BRIEF DESCRIPTION OF THE DRAWINGS
[0020] FIG. 1 is a schematic representation of a system for
generating a common data model for relational and object-oriented
databases according to an embodiment of the present invention.
[0021] FIG. 2 illustrates an example table for a single table data
store according to an embodiment of the present invention.
[0022] FIG. 3 illustrates example tables for a partitioned table
data store according to an embodiment of the present invention.
[0023] FIG. 4 illustrates a process for generating a relational
database according to an embodiment of the present invention.
[0024] FIG. 5 illustrates a process generating multiple partition
tables for a relational database according to an embodiment of the
present invention.
[0025] FIG. 6 illustrates a process generating a table of a
relational database according to an embodiment of the present
invention.
[0026] FIG. 7 illustrates hardware used to implement embodiments of
the present invention.
DETAILED DESCRIPTION
[0027] Described herein are techniques for generating a common data
model for relational and object-oriented databases. The
apparatuses, methods, and techniques described below may be
implemented as a computer program (software) executing on one or
more computers. The computer program may further be stored on a
computer readable medium. The computer readable medium may include
instructions for performing the processes described below. In the
following description, for purposes of explanation, numerous
examples and specific details are set forth in order to provide a
thorough understanding of the present invention. It will be
evident, however, to one skilled in the art that the present
invention as defined by the claims may include some or all of the
features in these examples alone or in combination with other
features described below, and may further include modifications and
equivalents of the features and concepts described herein.
[0028] FIG. 1 is a schematic representation of a system 100 for
generating a common data model for relational and object-oriented
databases according to an embodiment of the present invention.
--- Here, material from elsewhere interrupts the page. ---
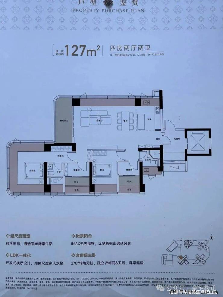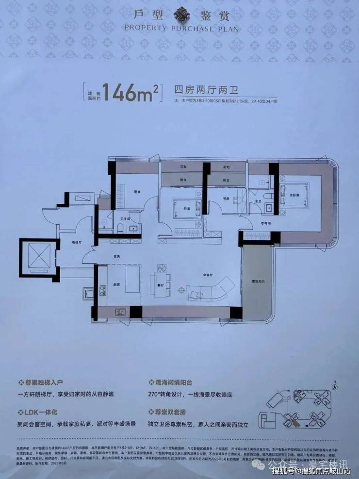 将地标高度/创新设计/极致景观/自然融合四大要素集于一体,约150米地标建筑以45°错位转体设计,实现四户分踞四角的独立瞰景布局,每户均可享有极致山海景观。约55米超宽楼间距、0.6的黄金窗墙比远超常规住宅0.3-0.5的标准,呈现山景、海景、花园三重景观界面。

System 100 includes a user or other interface 105, a data store
108, and a data modeling system 112. In the following description,
the term "data store" is used interchangeably with "database." Data
store 108 may comprise one or more data stores. Data modeling
system 112 comprises a relational database 120, an object database
121, an index database 122, a relational database model 124, a data
modeling engine 125 and a controller 130.
[0029] Information is conveyed between user interface 105, data
store 108, and data modeling system 112, along data flow paths 132,
133, and 134. For example, data modeling system 112 accesses the
contents of database 108 over data flow path 134 when combining
data.
[0030] Relational database 120 and object database 121 are sets of
data that are stored in database 108 and accessed by data modeling
system 112. Object database 121 stores data based on objects. The
objects may be defined by a class, sub-classes, and inheritance
between classes and sub-classes. Index database 122 comprises an
index of relational database 120 and object database 121 for
facilitating searching. Data modeling engine 125 executes a process
or algorithm that analyzes data from relational database 120,
object database 121 and index database 122 and generates relational
database model 124 based on the analysis. Data modeling engine 125
analyzes various properties of the databases for generating the
relational database model 124. In some embodiments, relational
database model 124 is arranged in a column store format. In some
embodiments, relational database model 124 is arranged in a row
store format.
[0031] User or other interface 105 is a collection of one or more
data input/output devices for interacting with a human user or with
another data processing system to receive and output data. For
example, interface 105 can be a presentation system, one or more
software applications, or a data communications gateway, for
example. Data flow path 132 is data communicated over interface 105
that retrieves data from or causes a change to data stored in
database 108. Such changes include the insertion, deletion, or
modification of all or a portion of the contents of database 108.
Data output over interface 105 can present the results of data
processing activities in system 100. For example, data flow path
133 can convey the results of queries or other operations performed
on data modeling system 112 for presentation on a monitor or a data
communications gateway.
[0032] Data store 108 is a collection of information that is stored
at one or more data machine readable storage devices (e.g., data
stores). Data store 108 may be a single data store or multiple data
stores, which may be coupled to one or more software applications
for storing application data. Data store 108 may store data as a
plurality of data records. Each data record comprises a plurality
of data elements (e.g., fields of a record). Data store 108 may
include different structures and their relations (e.g., data store
tables, data records, fields, and foreign key relations).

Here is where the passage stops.